Curini’s analysis suggests that the decision of political parties to focus on anti-elitism “does not depend entirely on some inner identity; it also depends on the spatial environment in which they compete”. Indeed, this paper reveals that a given party has a higher incentive to resort to anti-elitism if it is “ideologically ‘squeezed’ among adjacent parties”. Most notably, in such a context, focusing on anti-elitism may help a political party differentiate itself from its proximate competitors in the eyes of the electorate.
Sergiu Gherghina and Sorina Soare (2019). “Electoral Performance Beyond Leaders? The Organization of Populist Parties in Post-Communist Europe”, Party Politics
Gherghina and Sorina Soare offer an excellent example of how to study the impact of leadership and organizational features on the electoral performance of populist parties.

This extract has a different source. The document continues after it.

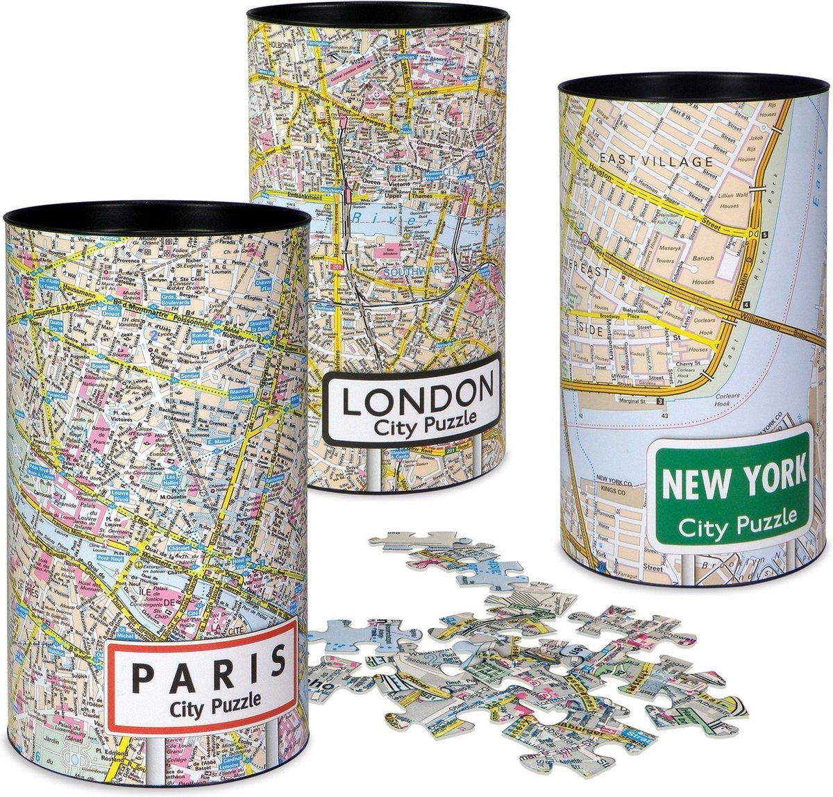 •De puzzel wordt gepresenteerd in een cilindervormige doos met een aantrekkelijk design bestaande uit een deel van het stadsplan

Grounded in the qualitative analysis of primary and secondary sources, the paper focuses on three cases from post-communist Europe that present considerable differences in terms of their electoral fate: the Bulgaria Without Censorship Party, the Party of Socialists from the Republic of Moldova, and the People’s Party-Dan Diaconescu of Romania.
Rather than treating leadership and organization as a single variable, as it is often the case in the literature, the authors operate a useful and meaningful distinction between the two in their analysis. This approach makes their contribution of interest to comparativists and to scholars of populism.
Most notably, the analysis reveals that personalization and concentration of power in the hands of charismatic leaders is not sufficient to achieve electoral survival. This paper highlights that endogenous factors are important in the decline of populist parties, especially if they do not develop proper organizational structures and rely instead on the personality of their leaders.